_Task instructions_. Pictures are to be left out, and every entry repeated exactly.

+++ Working data

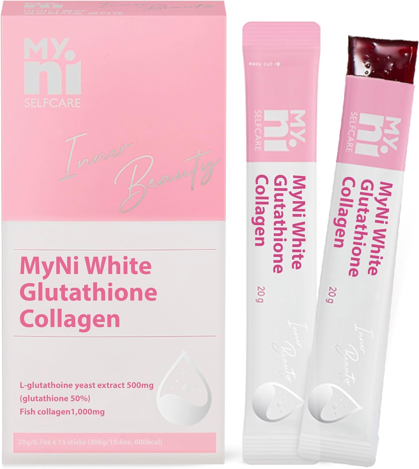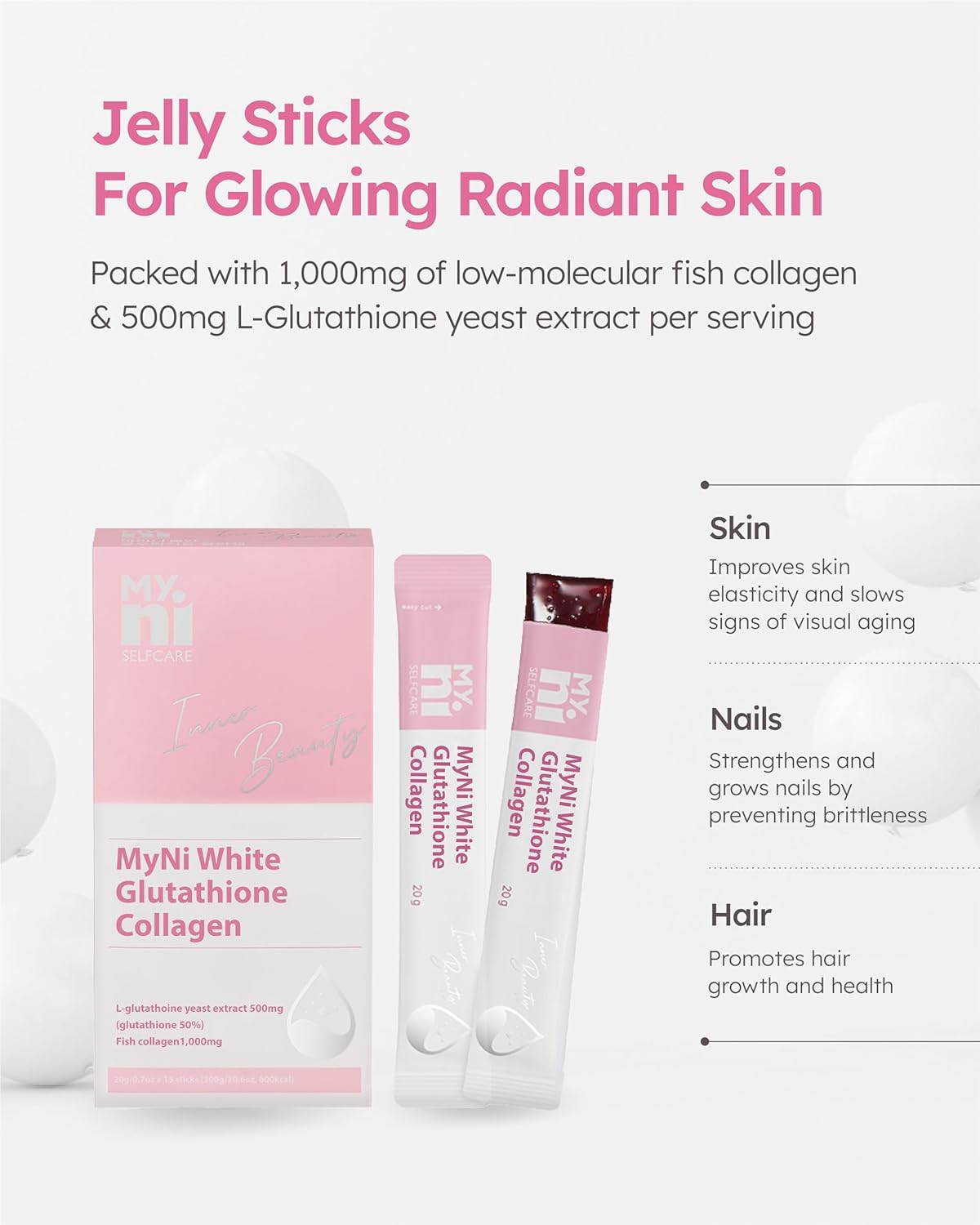 MYNI GLUTATHIONE COLLAGEN JELLY STICK (20g/0.7oz x 15 Sticks) - MyNi Glutathione Collagen is the key to radiant skin! Enjoy delicious sweet pomegranate jelly sticks packed withglutathione and collagen. Each stick contains 500mg of L-glutathione yeast extract and 1,000mg of fish collagen for 15 days of skin-loving benefits. Experience a more even and elastic complexion
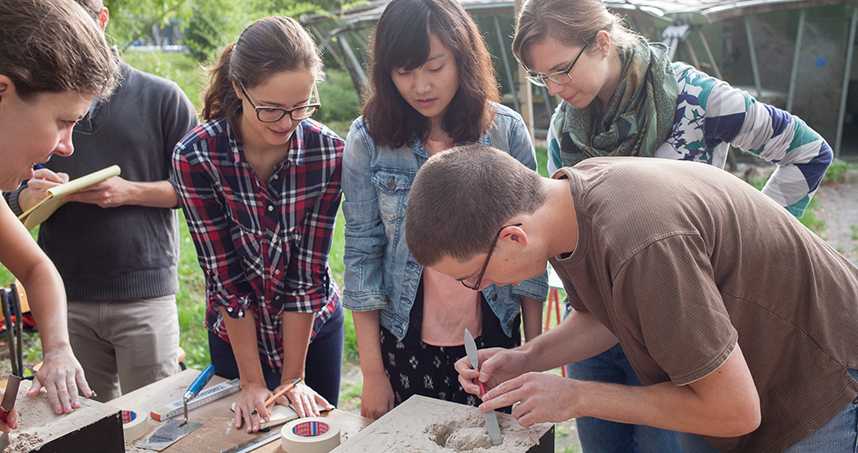 The five days were filled with architectural tours, museum visits, and hands-on design activities with the University of Stuttgart’s Institute for Lightweight Structures and Conceptual Design (ILEK). Led by renowned structural engineer and ILEK director Werner Sobek, students studied formwork and surface techniques for concrete structures. In the end, they were able to use their new knowledge to design and build a concrete catenary arch, as made famous by Catalan architect Antoni Gaudi.
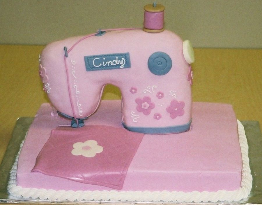 I copied another cake on here (at a coworkers request), please forgive me but I can't remember their name. This photo was taken after the cake had been sitting for a while and the sewing machine started to sag (which I'm sure had help) and is being propped up with a plastic knife. My coworker really liked it. RKT covered in MMF.
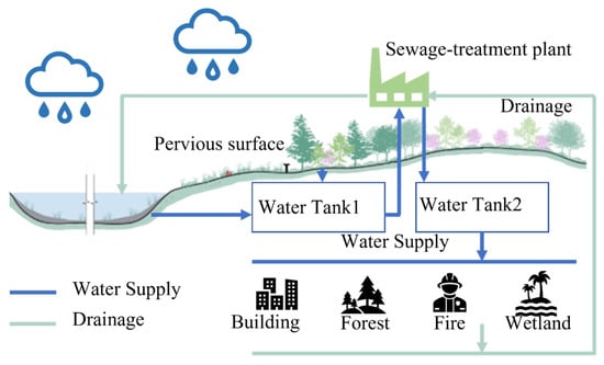 - Based on the hydrological analysis and distribution of flood storage areas, new rainwater harvesting measures were proposed. In combination with the “Forest–Wetland” spatial planning strategy, rainwater should be harvested during periods of abundance to reduce the impacts of urban flooding [33]. Accordingly, rivers should be recharged during periods of water shortage to ensure that the ecological environment uses water for natural restoration.
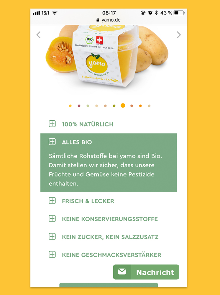 Yamo is a company for organic baby food, to provide parents with fresh and high-quality food for their kids, without having to cook themselves.
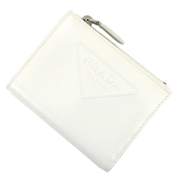 Prada Wallet Bi-fold Coin Purse Wallet/Coin Case Compact White Leather Men\'s Women\'s PRADA 1ML050 Business Card Holder/Card Small
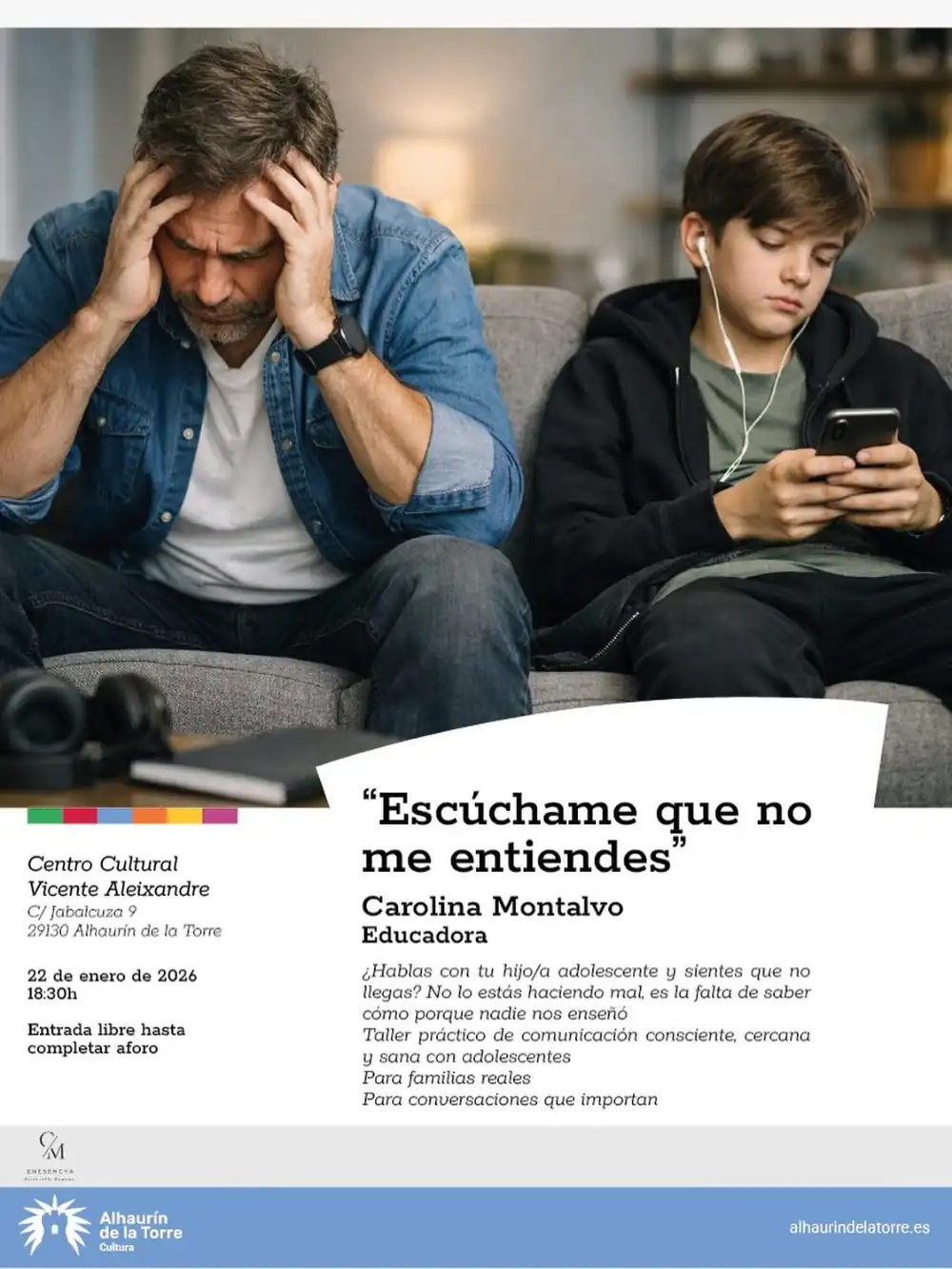 La cita tendrá lugar este próximo jueves, 22 de enero, a las 18.30 horas en el Centro Cultural ‘Vicente Aleixandre’, con entrada gratuita hasta completar aforo. Lleva por título ‘Escúchame… que no me entiendes’ y lo imparte la educadora Carolina Montalvo
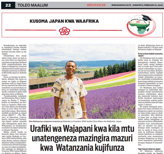 Mwananchi Toleo Maalum, “Kusoma Japan Kwa Waafrika” Februari 21, 2022
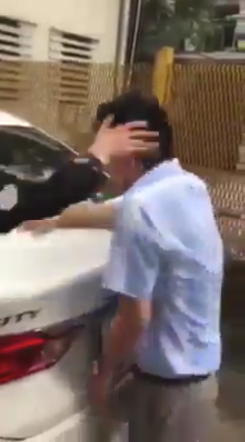 Ngay từ những giây đầu tiên của đoạn clip, cô gái và người đàn ông đã liên tục chửi bới, trong khi thầy giáo vẫn ngồi trong xe, miệng xin lỗi không ngừng và mong được từ từ giải quyết. Không khí mỗi lúc một căng thẳng hơn, người đàn ông được cô gái gọi đến đã tát tới tấp vào mặt thầy giáo và yêu cầu ông này ra khỏi xe để nói chuyện.
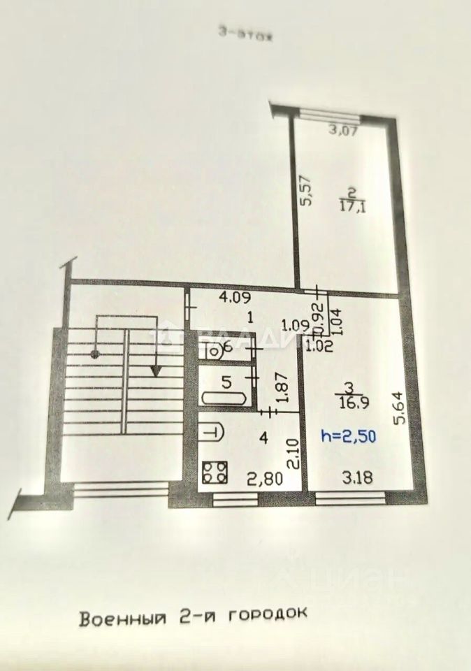 Квартира находится на 3 этаже 5-этажного панельного дома.
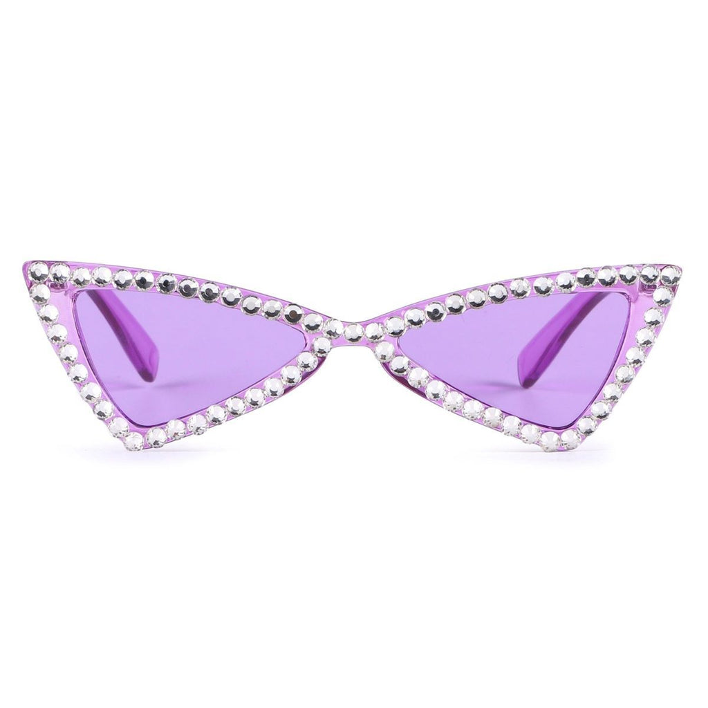 Women's Cat Eye Sunglasses. Vintage Geometric Pointed Purple Plastic Retro Cat Eye Sunglasses Featuring Matching Color Tinted Lens and Clear Rhinestone Edge Detailing. PC Material. UV 400 Protection. Blocks 100% UVA & UVB. Temple to Temple Width 5.75". Length 1.55".

++++++

_Task output_.
 MYNI GLUTATHIONE COLLAGEN JELLY STICK (20g/0.7oz x 15 Sticks) - MyNi Glutathione Collagen is the key to radiant skin! Enjoy delicious sweet pomegranate jelly sticks packed withglutathione and collagen. Each stick contains 500mg of L-glutathione yeast extract and 1,000mg of fish collagen for 15 days of skin-loving benefits. Experience a more even and elastic complexion
 The five days were filled with architectural tours, museum visits, and hands-on design activities with the University of Stuttgart’s Institute for Lightweight Structures and Conceptual Design (ILEK). Led by renowned structural engineer and ILEK director Werner Sobek, students studied formwork and surface techniques for concrete structures. In the end, they were able to use their new knowledge to design and build a concrete catenary arch, as made famous by Catalan architect Antoni Gaudi.
 I copied another cake on here (at a coworkers request), please forgive me but I can't remember their name. This photo was taken after the cake had been sitting for a while and the sewing machine started to sag (which I'm sure had help) and is being propped up with a plastic knife. My coworker really liked it. RKT covered in MMF.
 - Based on the hydrological analysis and distribution of flood storage areas, new rainwater harvesting measures were proposed. In combination with the “Forest–Wetland” spatial planning strategy, rainwater should be harvested during periods of abundance to reduce the impacts of urban flooding [33]. Accordingly, rivers should be recharged during periods of water shortage to ensure that the ecological environment uses water for natural restoration.
 Yamo is a company for organic baby food, to provide parents with fresh and high-quality food for their kids, without having to cook themselves.
 Prada Wallet Bi-fold Coin Purse Wallet/Coin Case Compact White Leather Men\'s Women\'s PRADA 1ML050 Business Card Holder/Card Small
 La cita tendrá lugar este próximo jueves, 22 de enero, a las 18.30 horas en el Centro Cultural ‘Vicente Aleixandre’, con entrada gratuita hasta completar aforo. Lleva por título ‘Escúchame… que no me entiendes’ y lo imparte la educadora Carolina Montalvo
 Mwananchi Toleo Maalum, “Kusoma Japan Kwa Waafrika” Februari 21, 2022
 Ngay từ những giây đầu tiên của đoạn clip, cô gái và người đàn ông đã liên tục chửi bới, trong khi thầy giáo vẫn ngồi trong xe, miệng xin lỗi không ngừng và mong được từ từ giải quyết. Không khí mỗi lúc một căng thẳng hơn, người đàn ông được cô gái gọi đến đã tát tới tấp vào mặt thầy giáo và yêu cầu ông này ra khỏi xe để nói chuyện.
 Квартира находится на 3 этаже 5-этажного панельного дома.
 Women's Cat Eye Sunglasses. Vintage Geometric Pointed Purple Plastic Retro Cat Eye Sunglasses Featuring Matching Color Tinted Lens and Clear Rhinestone Edge Detailing. PC Material. UV 400 Protection. Blocks 100% UVA & UVB. Temple to Temple Width 5.75". Length 1.55".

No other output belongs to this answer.